● **Exercise aim**
Only the lines from the start of the data through the line with "참고로 각 숫자에 대응되는 영단어는 다음 표와 같습니다." belong in the copy. Restate them word for word, minus the pictures.

● **Dataset extract**
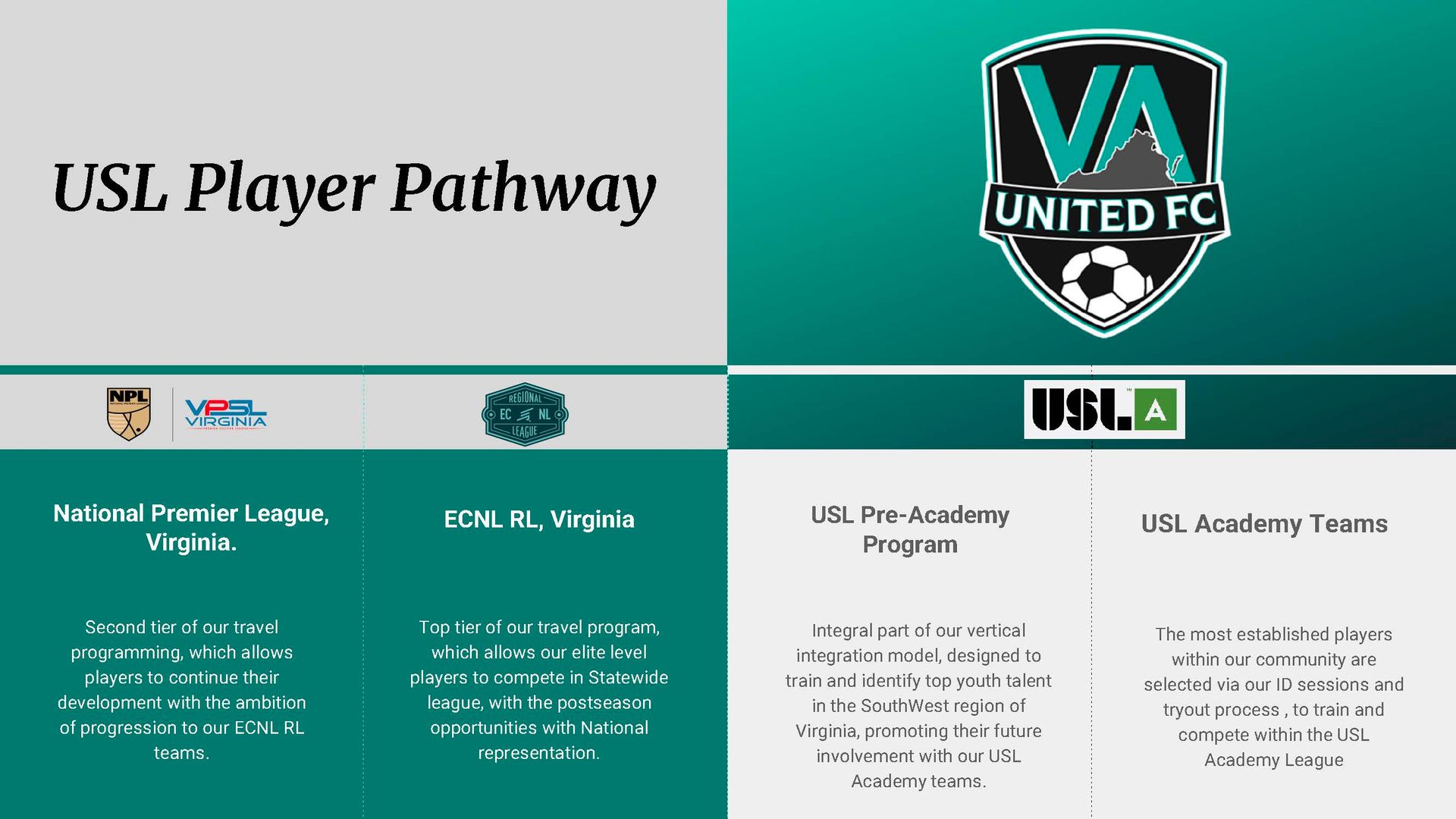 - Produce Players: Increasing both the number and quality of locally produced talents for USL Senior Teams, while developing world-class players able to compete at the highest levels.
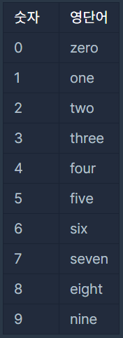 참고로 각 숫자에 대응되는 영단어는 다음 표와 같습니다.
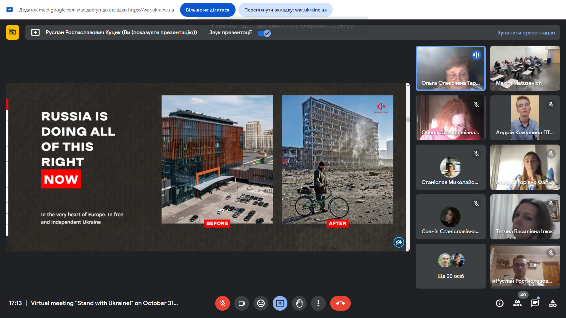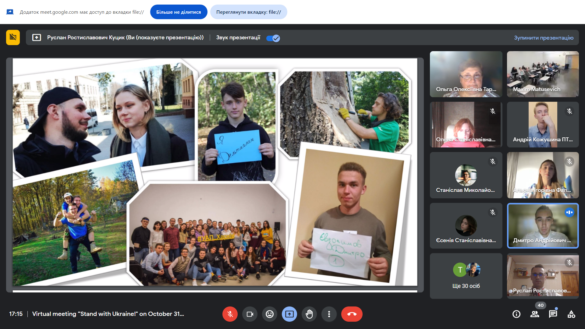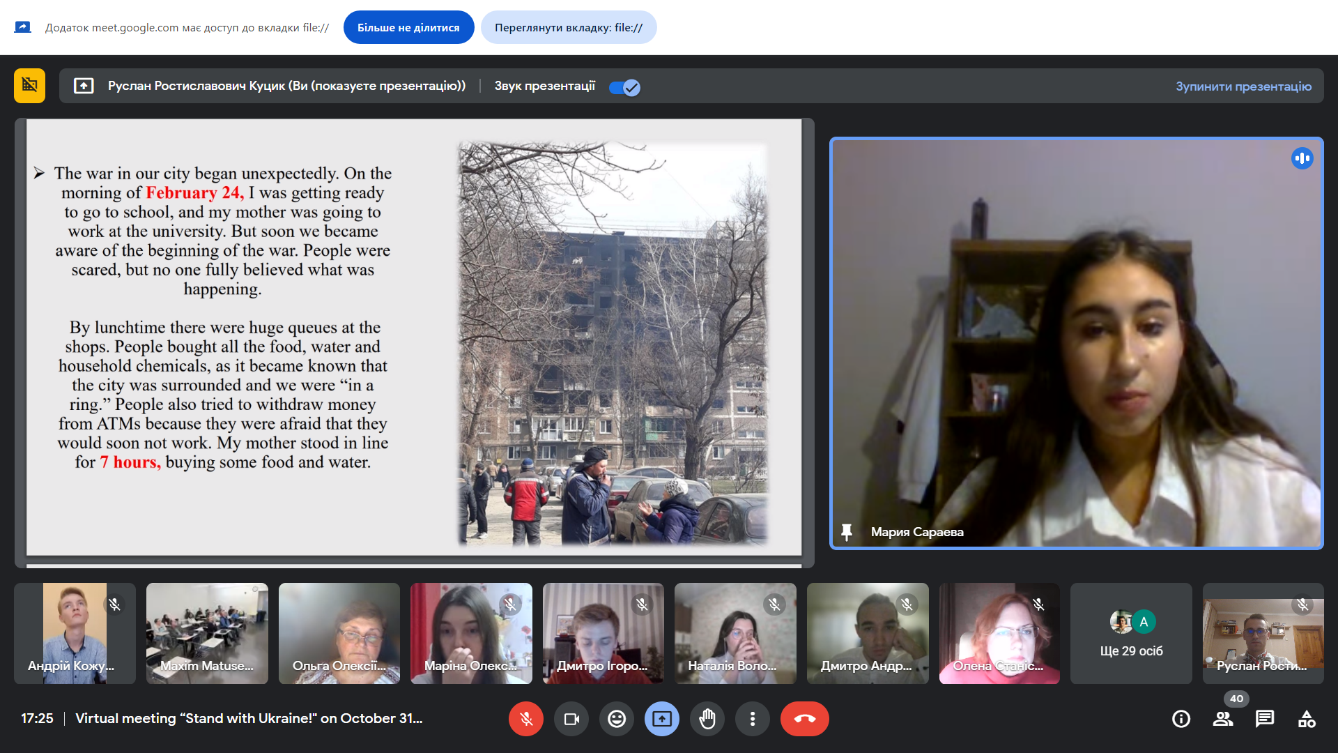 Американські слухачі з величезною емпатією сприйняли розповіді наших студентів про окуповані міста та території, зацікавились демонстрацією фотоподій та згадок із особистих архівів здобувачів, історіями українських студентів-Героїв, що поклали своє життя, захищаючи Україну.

● **Output for this exercise**
 - Produce Players: Increasing both the number and quality of locally produced talents for USL Senior Teams, while developing world-class players able to compete at the highest levels.
 참고로 각 숫자에 대응되는 영단어는 다음 표와 같습니다.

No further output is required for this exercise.